* [Activity] Starting at the line below with "3.信息确认:班次信息确认无" and stopping at the line with "根据《云南省政府教育督导委员", please print each line exactly, those two included, and skip every picture.

===== Given records

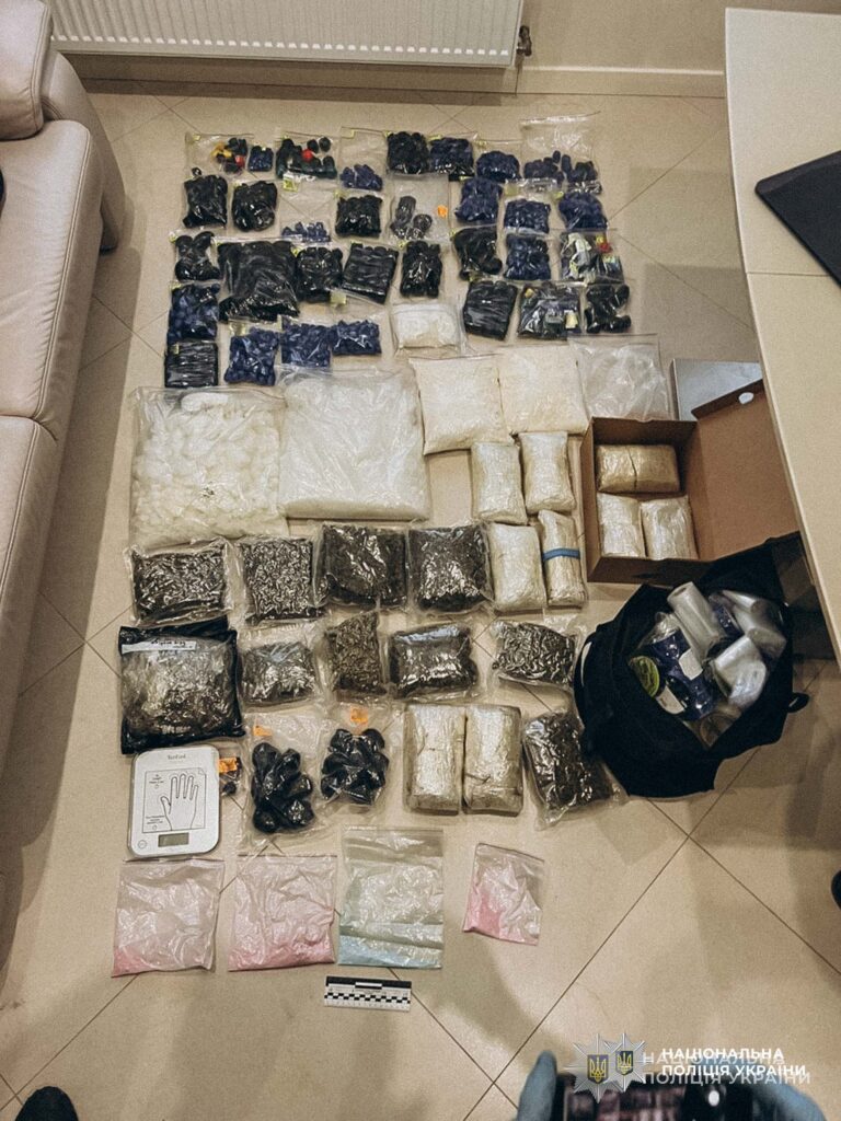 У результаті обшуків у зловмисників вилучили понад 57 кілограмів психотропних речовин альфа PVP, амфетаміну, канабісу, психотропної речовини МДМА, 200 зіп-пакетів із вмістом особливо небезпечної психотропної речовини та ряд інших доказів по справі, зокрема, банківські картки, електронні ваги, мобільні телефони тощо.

==========
===== Given records

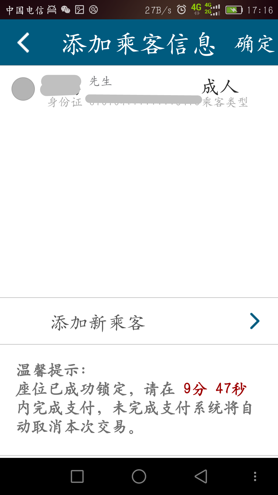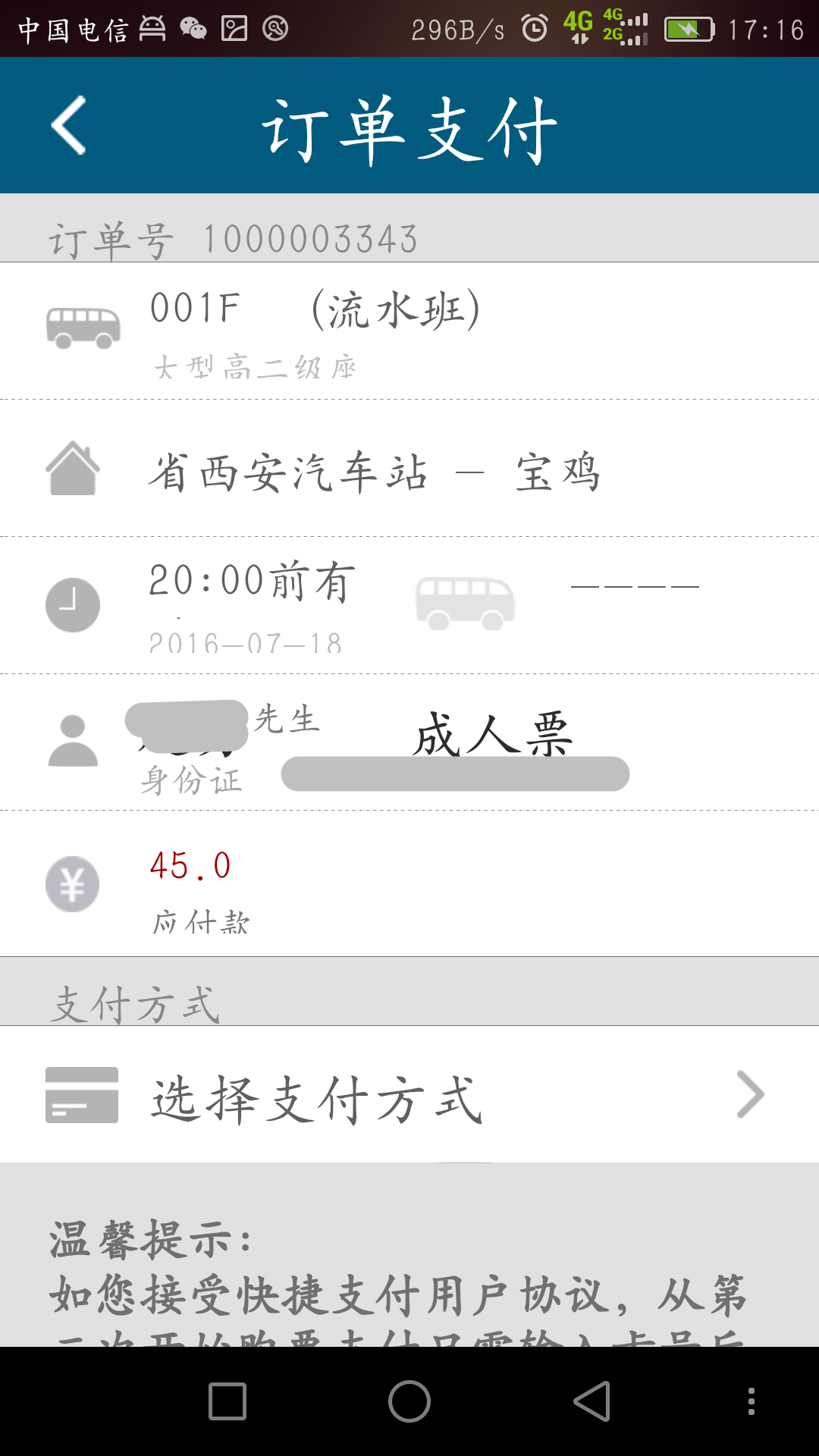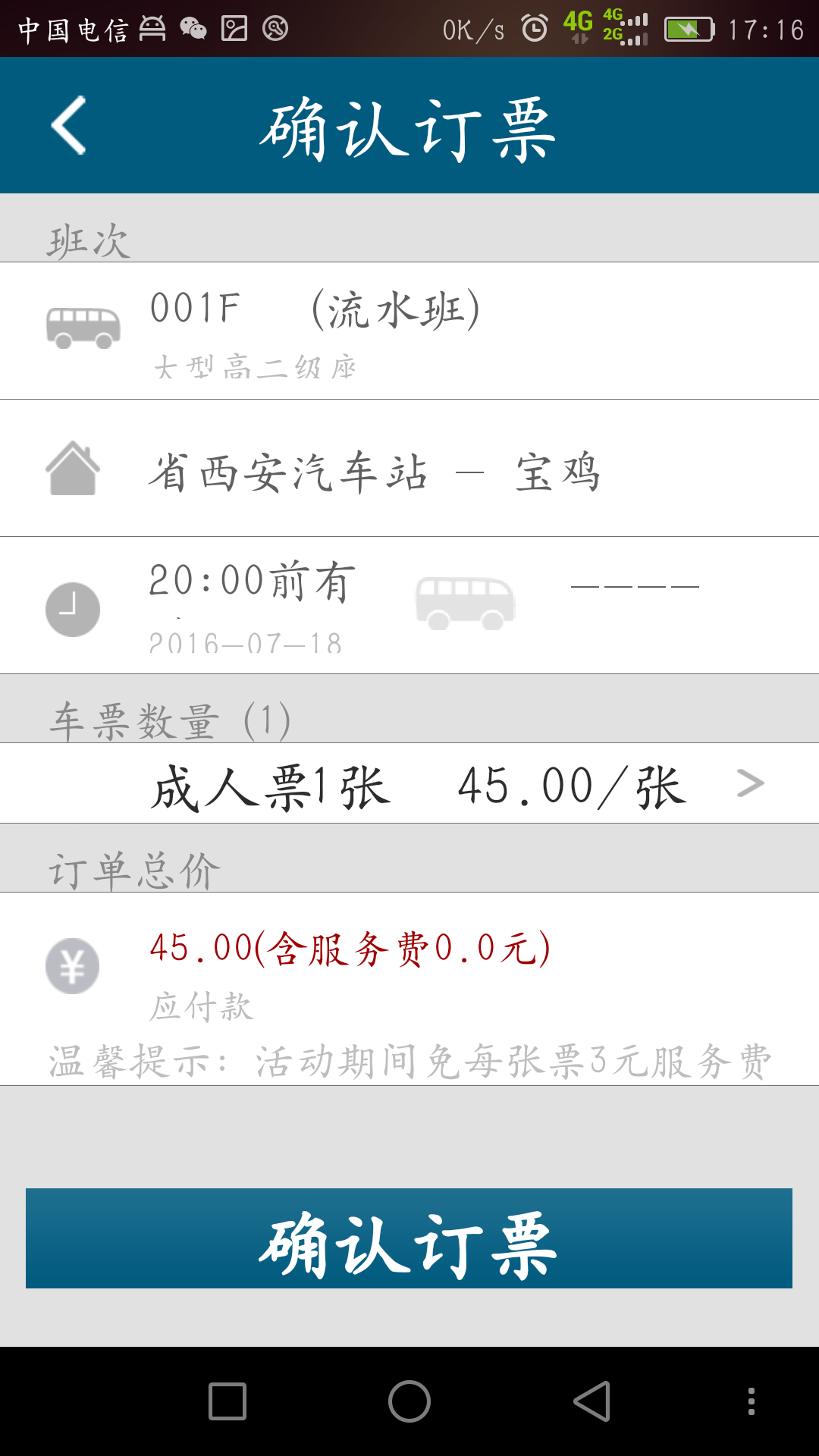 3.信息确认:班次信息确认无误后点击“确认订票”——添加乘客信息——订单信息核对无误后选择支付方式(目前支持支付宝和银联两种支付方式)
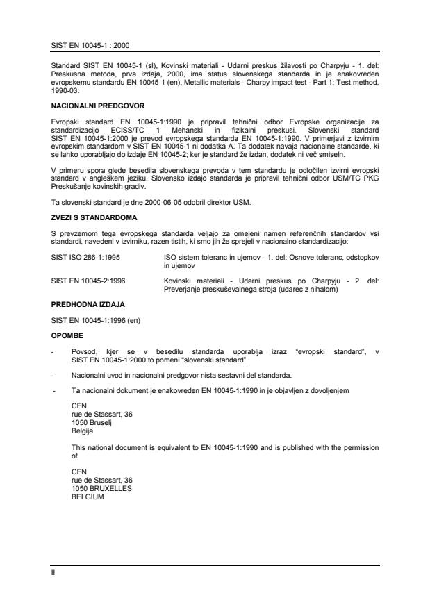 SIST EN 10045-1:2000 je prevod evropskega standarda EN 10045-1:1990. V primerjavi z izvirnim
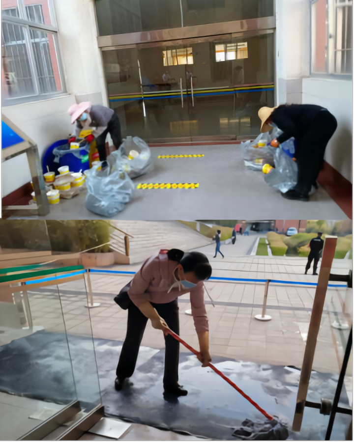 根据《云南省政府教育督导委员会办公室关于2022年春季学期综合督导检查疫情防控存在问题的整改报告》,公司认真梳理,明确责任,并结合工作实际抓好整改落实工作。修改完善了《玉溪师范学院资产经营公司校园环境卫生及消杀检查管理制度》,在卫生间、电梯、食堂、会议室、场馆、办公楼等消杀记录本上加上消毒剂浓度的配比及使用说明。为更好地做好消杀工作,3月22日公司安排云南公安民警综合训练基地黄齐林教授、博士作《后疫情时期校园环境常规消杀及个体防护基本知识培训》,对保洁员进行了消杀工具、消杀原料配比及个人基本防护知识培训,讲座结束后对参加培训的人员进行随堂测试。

==========

* [Answer to the problem]
 3.信息确认:班次信息确认无误后点击“确认订票”——添加乘客信息——订单信息核对无误后选择支付方式(目前支持支付宝和银联两种支付方式)
 SIST EN 10045-1:2000 je prevod evropskega standarda EN 10045-1:1990. V primerjavi z izvirnim
 根据《云南省政府教育督导委员会办公室关于2022年春季学期综合督导检查疫情防控存在问题的整改报告》,公司认真梳理,明确责任,并结合工作实际抓好整改落实工作。修改完善了《玉溪师范学院资产经营公司校园环境卫生及消杀检查管理制度》,在卫生间、电梯、食堂、会议室、场馆、办公楼等消杀记录本上加上消毒剂浓度的配比及使用说明。为更好地做好消杀工作,3月22日公司安排云南公安民警综合训练基地黄齐林教授、博士作《后疫情时期校园环境常规消杀及个体防护基本知识培训》,对保洁员进行了消杀工具、消杀原料配比及个人基本防护知识培训,讲座结束后对参加培训的人员进行随堂测试。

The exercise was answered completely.